Wednesday, January 28, 2015

Shakespeare and Chant?

Over at 1Peter5 there is a piece entitled: Liturgy, Adaptation, and the Need for Context by Adam Michael Wood. The man is well versed and plays with the topic such that he would leave spinning the heads of liturgical aficionados straight across the spectrum. He brings up a lot of good questions and does so with a bright, sort of sprightly abruptness. 

Read the article and stay with him to the end. You may not agree, but I find him constructive throughout and seriously reassuring in his concluding sentences:

"If it is true, as Odo Casel observed, that modern people are unable to perform a true act of worship, then we must engage in a process that transforms people and guides them out of modernity, out of the abyss of secularism. This work includes both catechesis and community development outside the liturgy as well as careful adaptation of the liturgy itself and the elements that surround it.

"Whatever (valid) form of the liturgy you are celebrating, and in whatever language, it is not enough to simply “Say the Black, and Do the Red.” Nor is it enough to mean well and be sincere. Both literally and metaphorically, we must teach people how to sing, or else what we ask them to sing is of little consequence.

"The liturgy requires a context. We must provide it."

I think one can fairly draw the conclusion that Wood is calling for a new approach or metaphor for addressing the liturgical disarray which plagues us despite denials. Fair or not, he chooses an option which is neither a "reform of the reform" nor a "restoration as reset" for the sake of setting forth the organic development of the liturgy. 

He's written an article not the definitive monograph; he has played the devil's advocate and done so well.
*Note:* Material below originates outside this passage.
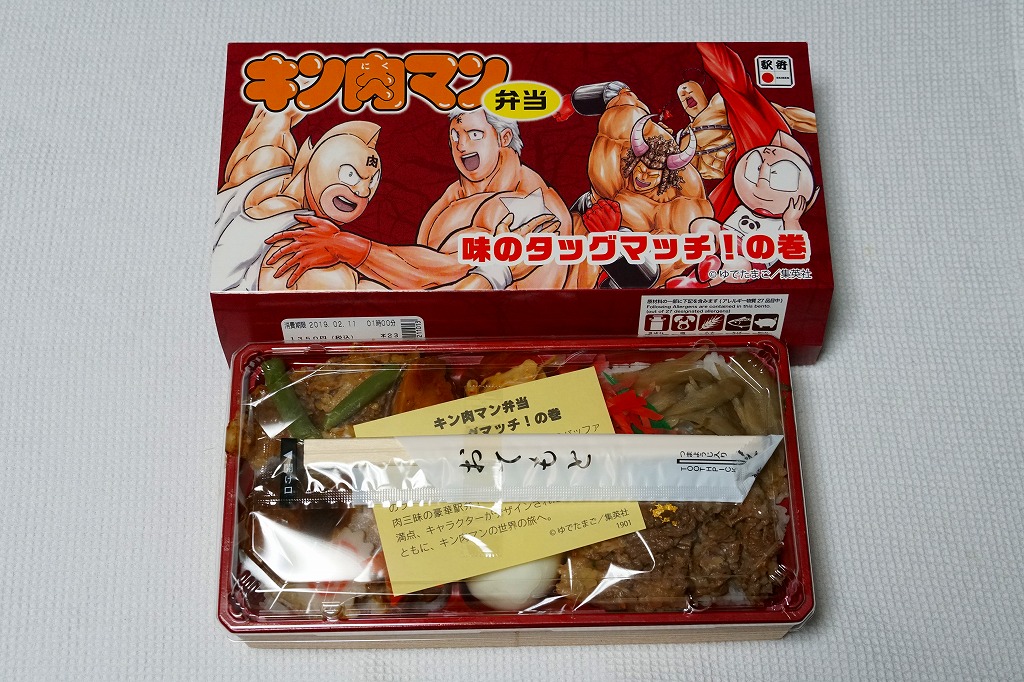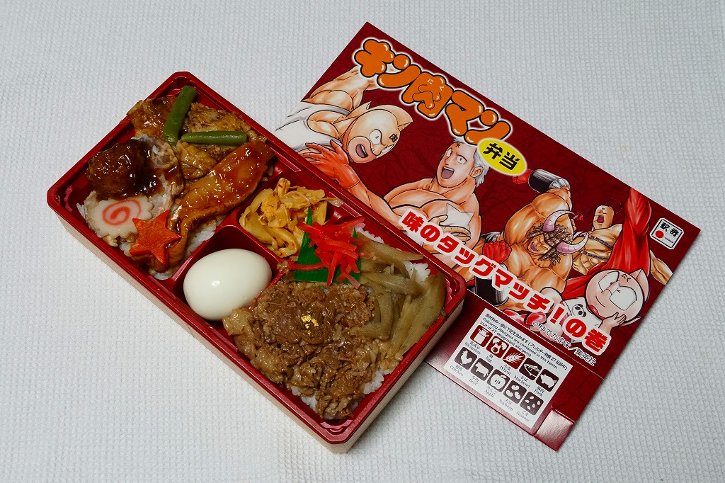 中身は牛丼と肉丼とゆで卵と付合せ。キン肉マンを金粉を載せた牛ごぼう煮、バッファローマンを網焼きカルビ、テリーマンを鶏照焼(とりてりやき)、ミートくんをミートボールで表現。加えてラーメンマンをチャーシューやナルト、作者のゆでたまごをゆで卵で表現したようだ。黄色いしおりに中身の理由を書いて分かりやすいイベント商品で、そうでなくても強力な肉駅弁。次の巻は出るのだろうか。

Such cannot be ignored, even if attention to our patrimony precisely because it is caught up into the worship we owe to God would seem to demand more respect for the Mass of all times and much more attentiveness to the discontinuity or rupture laying the Ordinary Form open to so much abuse.

The wise counsel of exposing the two forms to each other for the sake of the mutual enrichment must indeed be treasured.

 Adam Michael Wood, the blithe spirit notwithstanding, I renew my urgent plea for turning worship in the Ordinary Form to God, ad Orientem. This and more is due to Adam's un-quantifiable "Globe theatre" audience.

1 comment:

  1. Carl Wolk's response and more to Adam Wood is superb:
    "To return to where we began, could we have changed the liturgy to suit the needs of medieval man? Yes, and we did. But can we now change the liturgy to suit the needs of modern man? No, instead, we must change modern man to suit the liturgy. We must all learn how to make an act of fealty to kings, so that we can renew our covenant worthily at the altar rail. We must learn how light candles in honor of Our Lady in our own home, so that we will understand them when we see them on the altar. We must pray the psalms at sunrise in our bedroom, so that we understand them when the priest prays them at the altar. We must pray and work for the return of Christendom, so that we can regain our natural analogs for divine things."